Now, we can calculate the mass of Fe2S3 using its molar mass:
Molar mass of Fe2S3 = 55.85 g/mol (molar mass of Fe) + 32.07 g/mol (molar mass of S)
= 87.92 g/mol
Mass of Fe2S3 = Moles of Fe2S3 x Molar mass of Fe2S3
= 0.02616 mol x 87.92 g/mol
= 2.29 g
Therefore, the maximum mass of Fe2S3 that can be produced is 2.29 grams.
To find the maximum mass of Fe2S3 that can be produced, we first need to balance the chemical equation that describes the reaction.
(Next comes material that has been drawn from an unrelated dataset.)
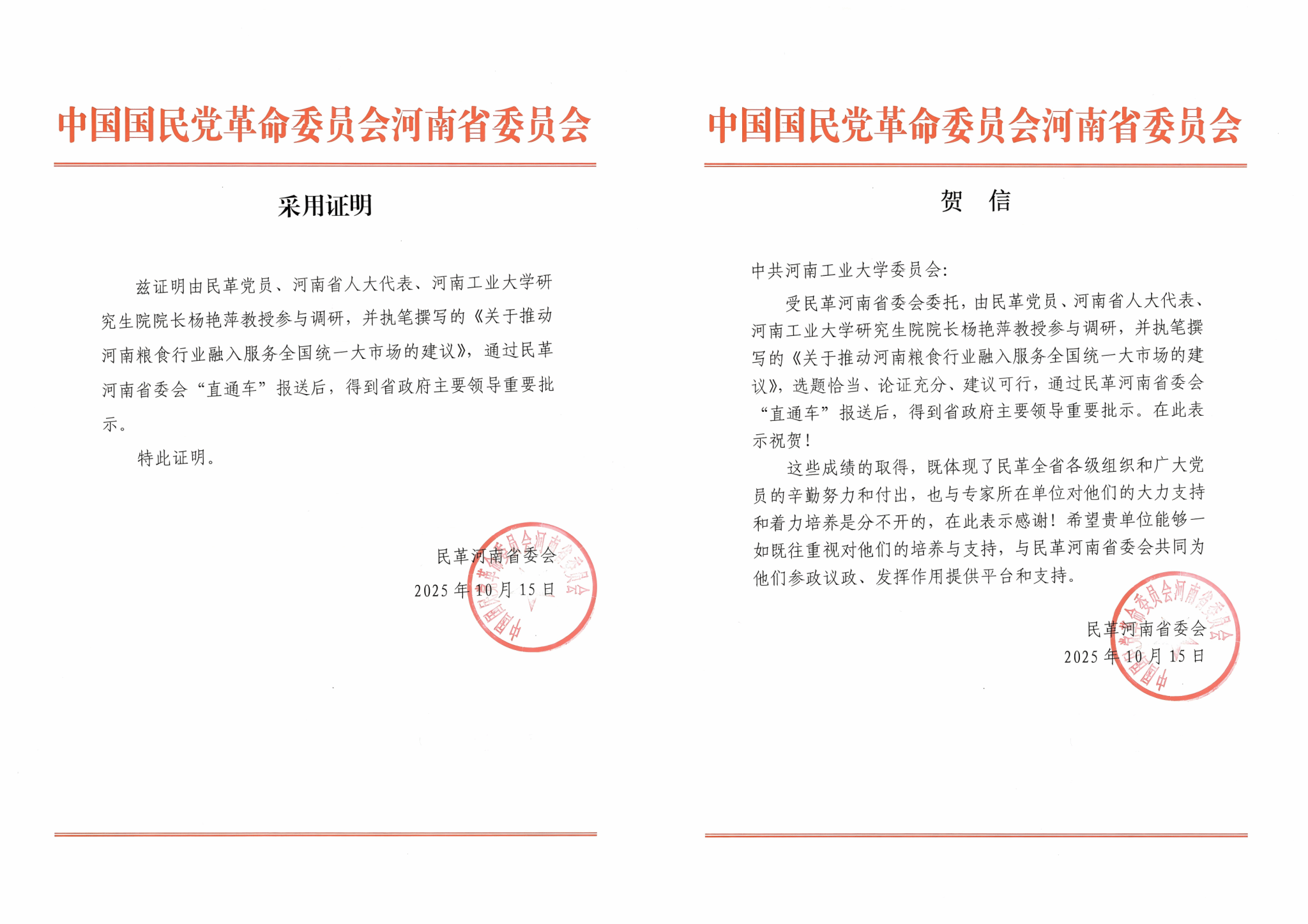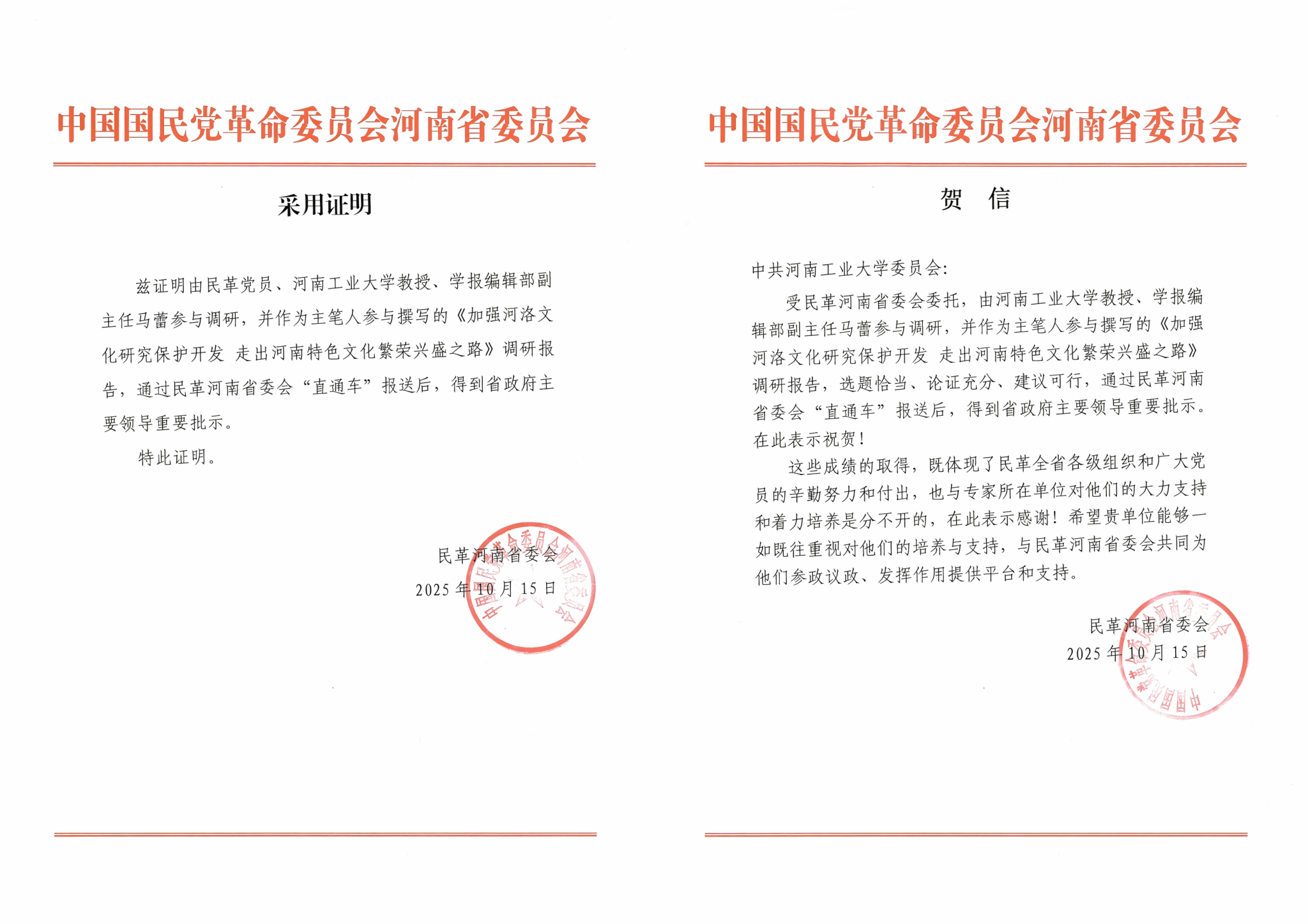 近日,民革河南省委員會發來賀信,我校兩項調研報告獲省長王凱肯定性批示。受民革河南省委委托,分別由民革省委河南工業大學委員會主委、研究生院院長楊艷萍教授執筆撰寫的《關于推動河南糧食行業融入服務全國統一大市場的建議》,民革黨員、學報編輯部副主任馬蕾教授執筆撰寫的《加強河洛文化研究保護開發 走出河南特色文化繁榮興盛之路》,選題恰當、論證充分、建議可行,通過民革河南省委會報送后,10月11日獲得省長王凱重要批示,并要求省主管職能部門在工作中加以采納,為助推我省糧食行業高質量融入服務全國統一大市場,推進文化強省建設塑造文化繁榮興盛的新標桿向興賦能。

The balanced equation for the reaction between FeCl3 and K2S is:
2FeCl3(aq) + 3K2S(aq) -> Fe2S3(aq) + 6KCl(aq)
From the balanced equation, we can see that 2 moles of FeCl3 react with 3 moles of K2S to produce 1 mole of Fe2S3.
Now, let's calculate the number of moles of FeCl3 and K2S given the volumes and molarities provided.
Volume of FeCl3 = 54.5 mL = 0.0545 L
Molarity of FeCl3 = 0.480 M
Number of moles of FeCl3 = volume x molarity = 0.0545 L x 0.480 M = 0.0262 moles
Volume of K2S = 98.5 mL = 0.0985 L
Molarity of K2S = 0.420 M
Number of moles of K2S = volume x molarity = 0.0985 L x 0.420 M = 0.0413 moles
According to the balanced equation, the ratio of FeCl3 to Fe2S3 is 2:1. Therefore, since we have 0.0262 moles of FeCl3, we can produce half that amount of Fe2S3, which is 0.0262 / 2 = 0.0131 moles.
Now, let's find the molar mass of Fe2S3:
Molar mass of Fe = 55.85 g/mol
Molar mass of S = 32.06 g/mol
Total molar mass of Fe2S3 = 2 x (55.85 g/mol) + 3 x (32.06 g/mol) = 207.52 g/mol
Finally, we can calculate the maximum mass of Fe2S3 produced:
Mass of Fe2S3 = number of moles x molar mass
= 0.0131 moles x 207.52 g/mol
= 2.720 g
Therefore, the maximum mass of Fe2S3 that can be produced is 2.720 grams.